## PROBLEM DETAILS:
Include in the reply only the lines from the start of the data below through the line containing "4月17日,宋卫东教授于长清", reproduced exactly and with no pictures.

(Saved entries)
⁂
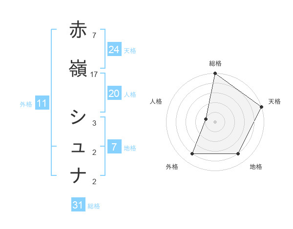 赤嶺 シュナさんの総格は31画の5点!
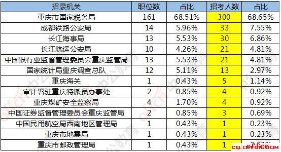 通过审核人数重庆市国家税务局占鳌头,同时重庆市国家税务局在本次国考重庆地区招录中,招录岗位及人数亦是最多。而通过审核人数第二的中国银行业监督管理委员会重庆监管局,招录人数在13个部门中位居第五,仅招录13个职位,21个人。
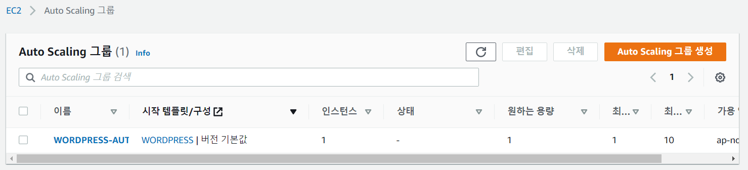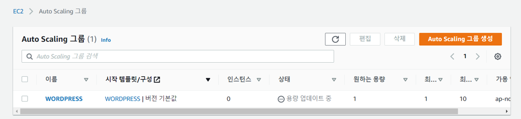 - Auto Sacling 그룹을 생성시 설정한대로 1개의 인스턴스가 생성됨
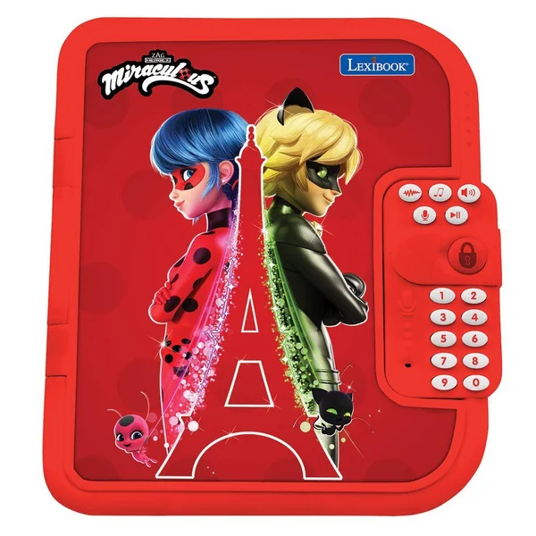 Un journal intime sécurisé Miraculous pour noter tous tes secrets et les garder en sécurité. Crée un mot de passe à 4 chiffres pour déverrouiller le journal. Fonctions amusantes : enregistreur vocal, changeur de voix… Personnalise ton carnet. Un stylo inclus, possibilité de changer de carnet lorsque tu auras rempli toutes les pages avec tes secrets !
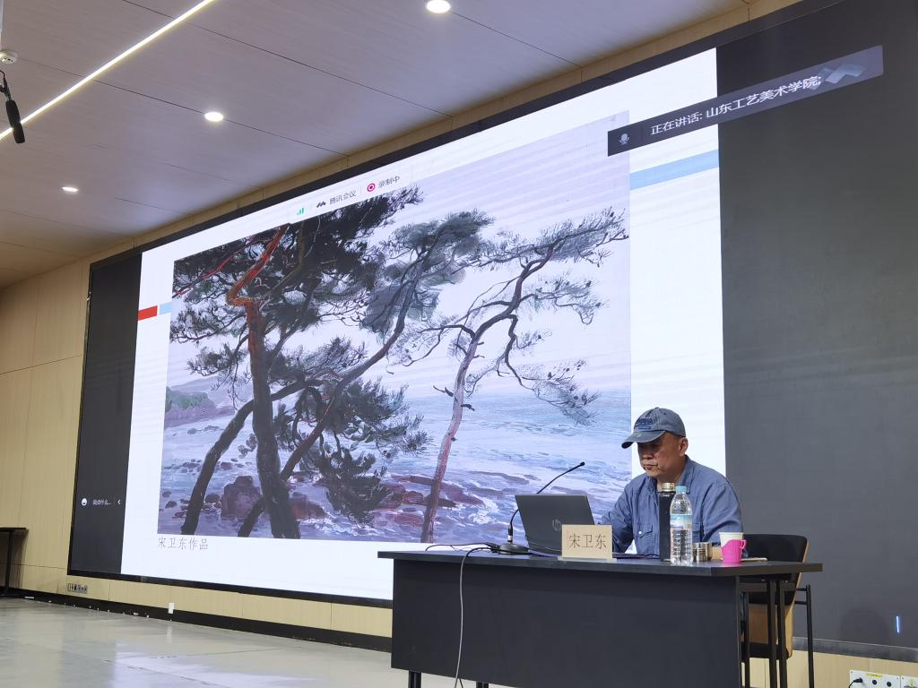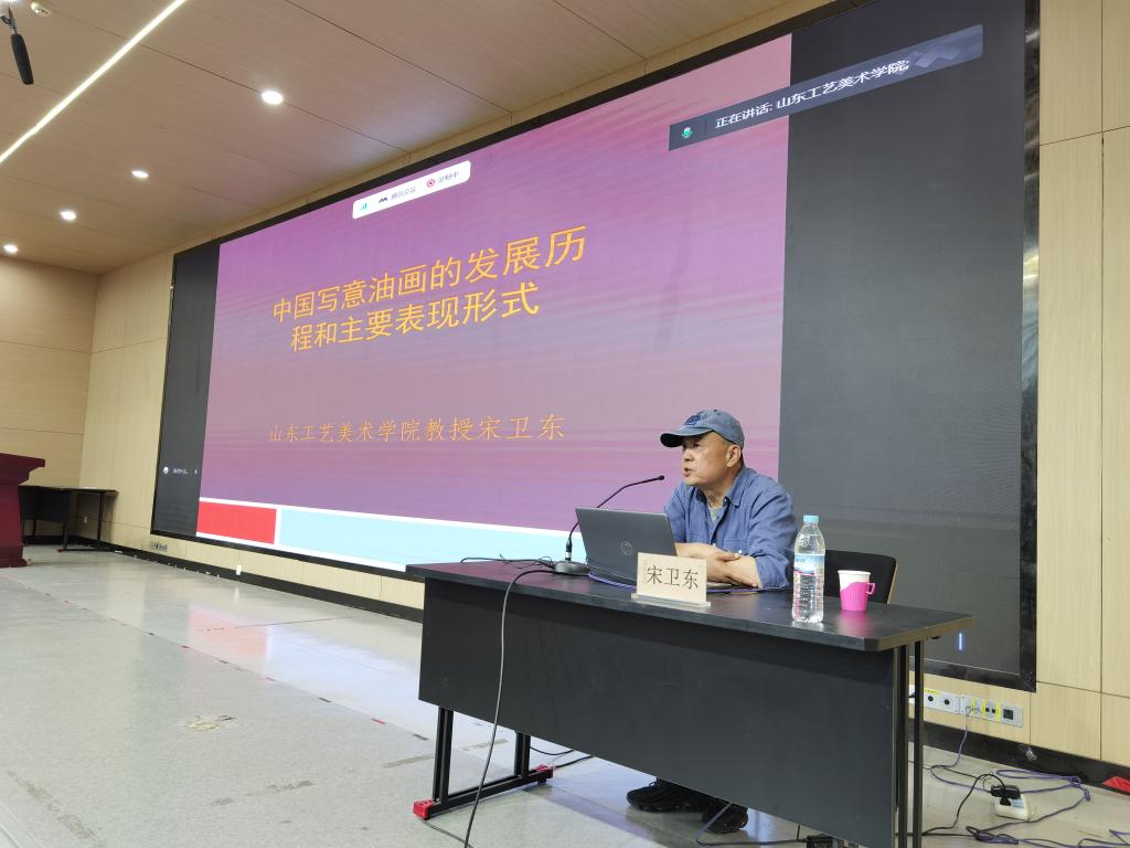 4月17日,宋卫东教授于长清校区阶梯一教室为学校师生做《中国写意油画的发展历程和主要表现形式》讲座,教务处处长顾群业主持讲座并致开场辞,学校师生通过线下线上结合的方式听取了讲座。
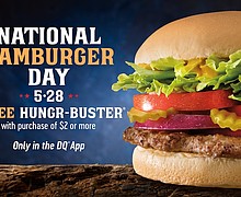 Celebrate National Burger Day the Texas way on May 28 with a FREE Hungr-Buster® from DQ®—just spend \$2 in the DQ® App at participating locations! 🍔📱
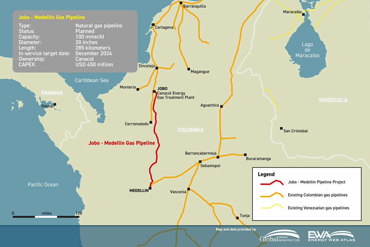 The 300-km (186-mile) pipeline is expected to begin operating by December 2024, initially transporting 100 million cubic feet a day (MMcf/d) from natural gas fields near the Caribbean coast to Colombia's second largest city.
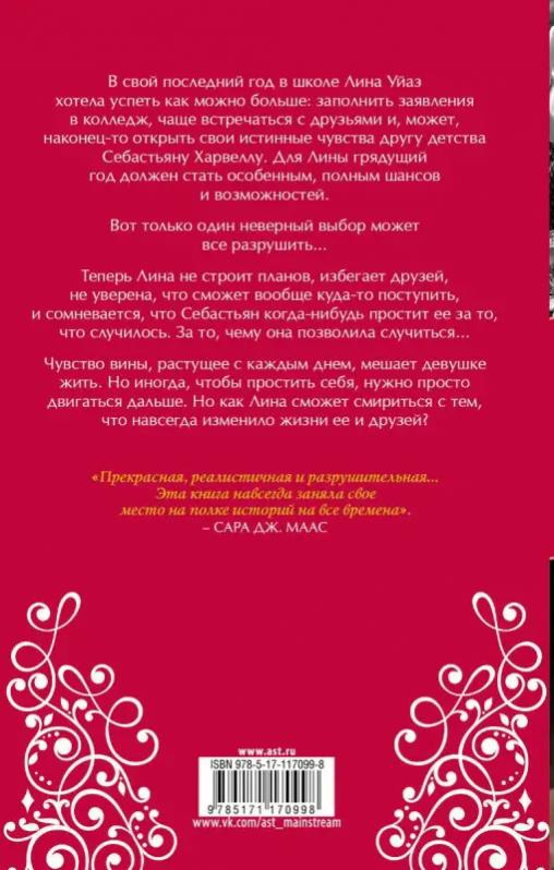 В свой последний год в школе Лина Уйаз хотела успеть как можно больше: заполнить заявления в колледж, чаще встречаться с друзьями и, может, наконец-то открыть свои истинные чувства другу детства Себастьяну Харвеллу. Для Лины грядущий год должен стать особенным, полным шансов и возможностей._x000D_.Вот только один неверный выбор может все разрушить…_x000D_.Теперь Лина не строит планов, избегает друзей, не уверена, что сможет вообще куда-то поступить, и сомневается, что Себастьян когда-нибудь простит ее за то, что случилось. За то, чему она позволила случиться…_x000D_.Чувство вины, растущее с каждым днем, мешает девушке жить. Но иногда, чтобы простить себя, нужно просто двигаться дальше. Но как Лина сможет смириться с тем, что навсегда изменило жизни ее и друзей?_x000D_._x000D_.
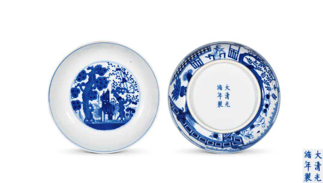 说明:敞口,丰腹,圈足。胎质细实,釉色润糯。口沿内青花双圈栏饰,盘心绘松、竹、梅岁寒三友,秀石、灵芝、小草饰以其间。盘外壁青花全景通绘庭院人物图景,石墙半栏,岸边垂柳,老树茂叶,卷云低拂,妇人中坐堂间,两童戏于花草丛中。绘笔规矩细致,图饰清朗悦目,青花发色醇雅,器形饱满丰圆。底部青花楷书“大清光绪年制”六字款
⁂
## RESPONSE AREA:
 赤嶺 シュナさんの総格は31画の5点!
 通过审核人数重庆市国家税务局占鳌头,同时重庆市国家税务局在本次国考重庆地区招录中,招录岗位及人数亦是最多。而通过审核人数第二的中国银行业监督管理委员会重庆监管局,招录人数在13个部门中位居第五,仅招录13个职位,21个人。
 - Auto Sacling 그룹을 생성시 설정한대로 1개의 인스턴스가 생성됨
 Un journal intime sécurisé Miraculous pour noter tous tes secrets et les garder en sécurité. Crée un mot de passe à 4 chiffres pour déverrouiller le journal. Fonctions amusantes : enregistreur vocal, changeur de voix… Personnalise ton carnet. Un stylo inclus, possibilité de changer de carnet lorsque tu auras rempli toutes les pages avec tes secrets !
 4月17日,宋卫东教授于长清校区阶梯一教室为学校师生做《中国写意油画的发展历程和主要表现形式》讲座,教务处处长顾群业主持讲座并致开场辞,学校师生通过线下线上结合的方式听取了讲座。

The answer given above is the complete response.